CBS news asks the question, "What happens if Ron Paul wins Iowa?"
http://www.cbsnews.com/8301-50.....bsCarousel
Apparently a lot of people will be shitting in their pants. Fuck this country. Really. I never new so many fucking cowards so afraid of freedom. "Home of the free and land of the brave." ..... fucking satire for The Onion, nothing more.
Junkies will be killing the survivors of catastrophic terrorist attacks and performing abortions on every street corner for money to buy crack?
Much, much, MUCH worse. Children will sell lemonade on street corners without licenses, people will be free to buy incandescant light bulbs, and ladders will be sold with LESS than a dozen stickers warning you that you may fall off the ladder.....
a soulless, depraved anarchy!!!
How DARE you not support whoever the anointed Team candidate is! Heretic! Blasphemer!
It might as well be that the US Constitution had never been written.
It's scary that the "extremist" candidate is the only one who believes in operating within the Constitution and engaging in the type of foreign policy this country followed for the vast majority of its existence.
The rest of them are either chickenhawks or too afraid to rock the boat. Ugh.
We're a quarter of the world's economy, things are quite different from our position in the 18th Century.
It's impossible to go back to isolationism. We tried that in the 20s and 30s and it got us nowhere.
And, of course, he's not an isolationist.
Of course. But that kind of ruins the narrative.
I'm wondering why Paul is not advocating for neutrality. That's sounds better (more like Switzerland) than non-interventionist (which sounds like "naive peace lover") and isolationist (closing ourselves off from the rest of the world). Neutrality allows us to defend ourselves while avoiding "entangling alliances" that cause blowback.
Because some square-jawed lunatic who represents the worst in the Republican Party (that would be Hannity) would say something like "Ron Paul wants us to be neutral in the face of radical Islam and Free Whites Americans!

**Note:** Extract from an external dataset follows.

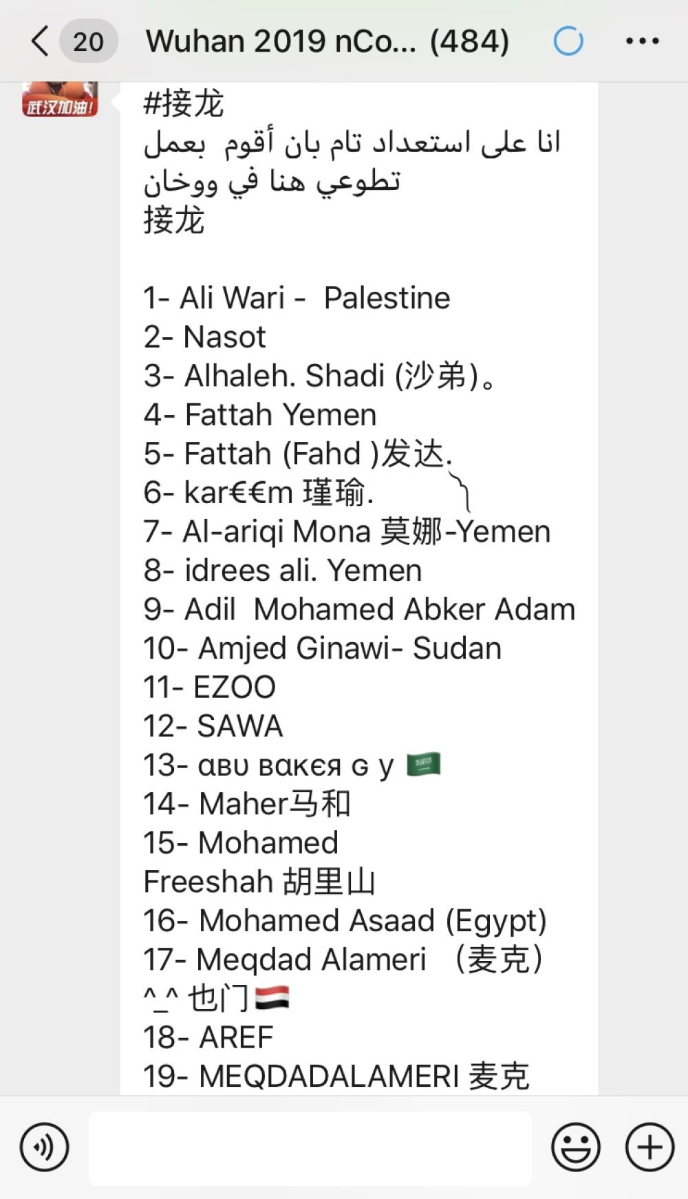 5日晚,瓦阿里在群里发起了一个报名“抗疫”志愿者的接龙活动,一天之内已经有30多位群友报名。同样来自巴勒斯坦的哈提卜说,他报名之前询问了家人,家人同意他的做法。他说,抗击疫情一定有科学有效的解决方案,只是需要时间。

He wants to be neutral between peaceful, Christian-beloved Jewish Israel and nasty ol' Iran!"
Armed neutrality is ineffective at best.
Ineffective at what, exactly?
Ensuring that JP Morgan's loans to one side in a conflict get paid back when it proves incapable of winning?
If you think Ron Paul is an isolationist then you don't know what isolationism means.

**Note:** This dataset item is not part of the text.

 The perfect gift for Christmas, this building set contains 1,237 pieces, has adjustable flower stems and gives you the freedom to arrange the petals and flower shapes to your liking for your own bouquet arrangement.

HE'S AN APPEASER! APPEASER!! JUST LIKE THAT DRAFT-DODGING COMMIE WILT CHAMBERLAIN!!
Unless Ron Paul is throwing up 100% tariffs and restricting exports and imports, your mention of the US being a quarter of the world's economy has nothing to do with killing 16-year old US citizens or starting useless wars.
Again, we didn't start the wars. The wars came to OUR shores. We're engaged in a struggle with global radical Islam whether we want to be or not.
Oh for fucks sake, this can't be real.
Jim, is that you?
Yeah, I was gonna reply, but now it seems like a spoof.
Oh, really? When did Iraq or Afghanistan attack us?
That's right, it was a bunch of crazy Saudi Arabians with no State affiliation. Oh, and fun fact, radical Islam has a problem with us because WE invaded THEIR territory.
Afghanistan attacked us when it hosted an organization that killed thousands of Americans.
I didn't know 'radical Islam' was entitled to control of territory. What territory did we 'invade' again?
Oh look, cyto the trotskyite cultist shows his love for collectivism.
Obviously he doesn't mean the land called Afghanistan attacked him. He means people like this and this (BTW the lies from the U.S. government in the second link are hysterically funny).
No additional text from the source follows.